# Citizen Bullhead Strap Adjustment



## kabong (Jun 12, 2011)

Hi,

I gave myself this Bullhead for xmas.

Any tips on how to remove links?

I don't think I can slide out any pins or bars inside the links.

Do I need to remove the claps (at either end) and unhook them in some way?










these are not pin holes on the side, but little gaps, and don't seem to be anything to do with it, but perhaps I am wrong










Thanks


----------



## streety (Jan 17, 2009)

Side and rear view of bracelet may assist. :yes:


----------



## kabong (Jun 12, 2011)

here you go!


----------



## William_Wilson (May 21, 2007)

I don't know about Citizen, but the links appear to be held with springbars. Insert small tools/points in the holes on either side of the link and press while pulling slightly on the next link. This should leave you with an inner link containing the springbar and an empty outer link.

Later,

William


----------



## johnbaz (Jan 30, 2005)

Hi William is correct but to me it looks as though the bracelet ends are actually at the wrong end of the clasp, the clasp looks like it should be at the extreme other end hole (there is a slightly larger gap between the first and secon hole), the other end of the bracelet then goes in any of the other holes for different sizes..
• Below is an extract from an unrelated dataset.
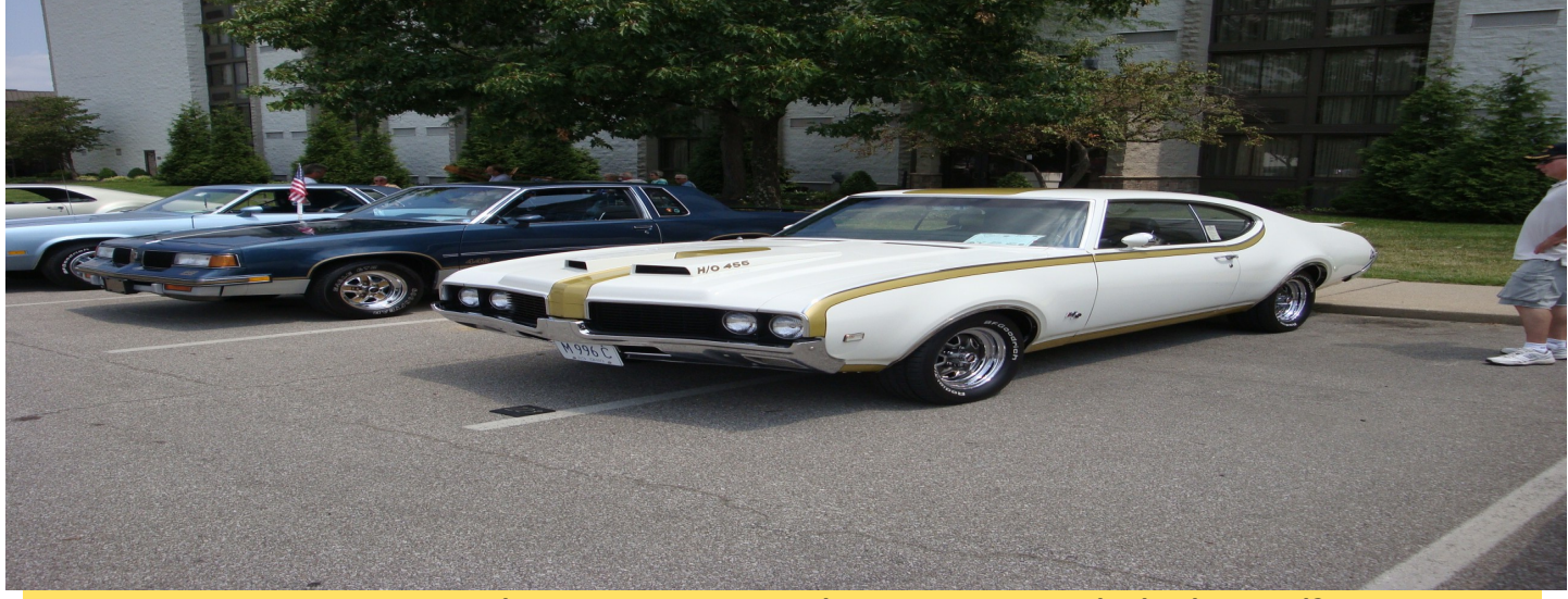
OCA 2014 Nationals, Cincinnati, OH—Is that green grass in the background?

I'll add a pic shortly if it will help...

John


----------



## johnbaz (Jan 30, 2005)

Not too sure whether this pic will help 










The end of the clasp is fixed in to the end hole where the gap is larger...

John


----------



## kabong (Jun 12, 2011)

Hi,

I have already adjusted the springbars on the clasp to their max position, what you call the 'wrong' end of that section, although I can see that perhaps I moved the wrong end, I can fix that.

What I need to do is remove the links.

I have other bracelets where each link is held in place by a pin, but this does not seem to have pins. As you can see in the pics, there are small gaps on the side of each link which look like pin holes, but they are not. Perhaps they are, and the bracelet has been machined/polished so much that they are 'smudged'... I'm not sure.

I have another bracelet, and the centre of each link, looking from the side it would be a flat plate, can be slid out but that is not possible, it seems, with these.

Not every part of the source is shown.